Purple Team dancers |
I hadn’t really heard of much happening on the night of Independence Day, which fell the following Saturday, until Joel and Stone asked if I was walking up into town with them. After cooking up some soup and dumplings for them and getting gently told off by Joel for not dressing flashily enough for the occasion (even though he’d borrowed one of my T-shirts!), we wandered town-wards and I quickly caught on that this was a pretty big deal – Old Harbour was heaving.

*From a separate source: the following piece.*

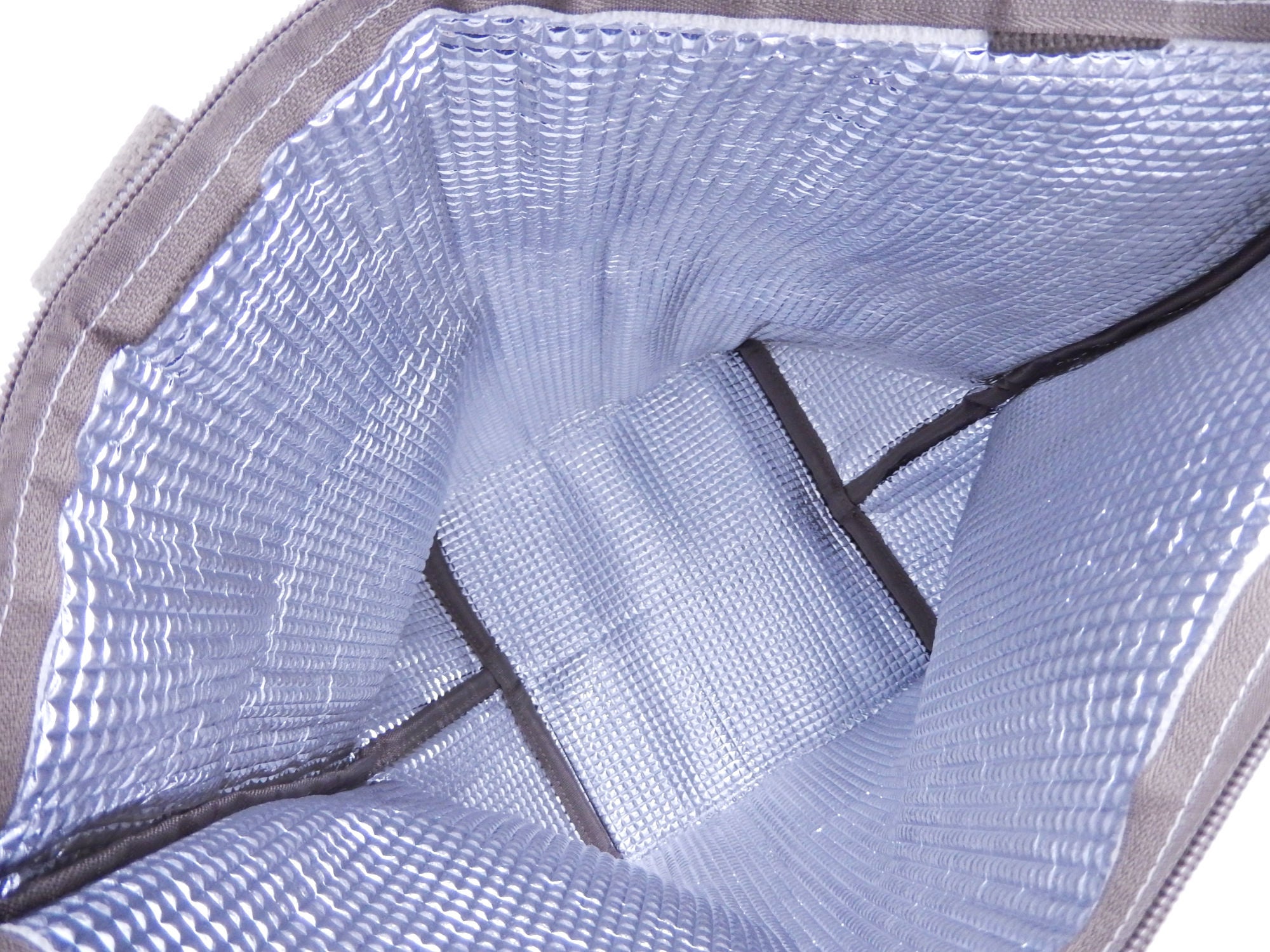 高さ37cm、幅42cm、マチ21cmの大きめサイズで、表地はキャンバス地、裏面はアルミ蒸着シートのしっかりした作りの保冷バッグは、日々のお買い物だけでなく、おでかけやピクニックなどのレジャーにもぴったり!

The centre of the action was the ‘Boardwalk’, a stage set up in a space off the main town square where dance competitions were held for kids and teenagers until about . As well as some excellent organized dance groups, this was an opportunity for all the kids in the town to get up and show off their moves – the latest craze being the ‘cowfoot’, which involves putting each foot forward in turn while making undulating movements with your body. Alternative entertainment, for Joel and Stone anyway, came in the form of one particular girl who took something of a liking to me and wouldn’t leave me alone for love or money, earning me the unwanted nickname of ‘Sugar’ from my sniggering companions. I’m getting to be pretty good at turning down advances from women.

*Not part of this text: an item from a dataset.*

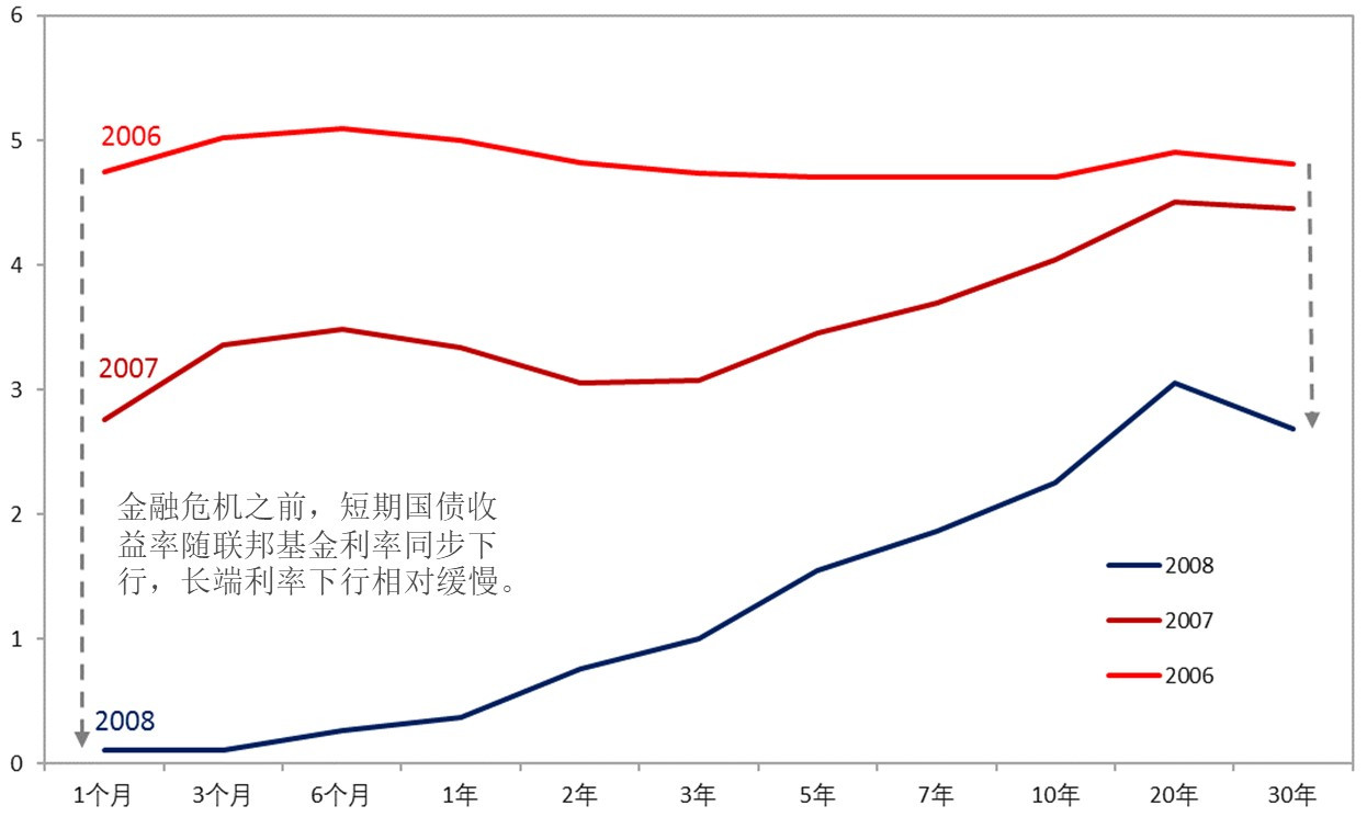 图2:2008年金融危机爆发之前,国债收益率曲线的变化

The other news from the last couple of weeks is that I’ve changed my mind and decided to stay in Old Harbour rather than return to Mandeville and the deaf school. The turnaround came after a conversation I had with the deputy principal at Marlie Mount Primary School at the end of summer school – she explained summer school was never the best time to host volunteers because the days were short and number of kids attending small compared to school proper, meaning there is not much need for an extra pair of hands. She told me that if I wanted to come back in September, I’d get a completely different experience – with two sets of six grades all needing PE at least once a week, plus football, cricket, basketball, netball and track and field teams to coach, there was a real need of help for the lone PE teacher, and there would also be opportunities for me to help with reading tuition. With reassurances that there was plenty for me to do at the school and that my help would be appreciated, it was an easy decision to make – my concern about spending an extra three months at the deaf school was that I would start to feel isolated and bored out of school hours. In Old Harbour , I’m starting to feel like I’m not just passing through visiting – I have made friends here, I have fun here, I get calls of ‘sir!’ when kids from school pass me in the street, people whose name I don’t know now say hi when they pass me in the street. I’m starting to feel like this is home.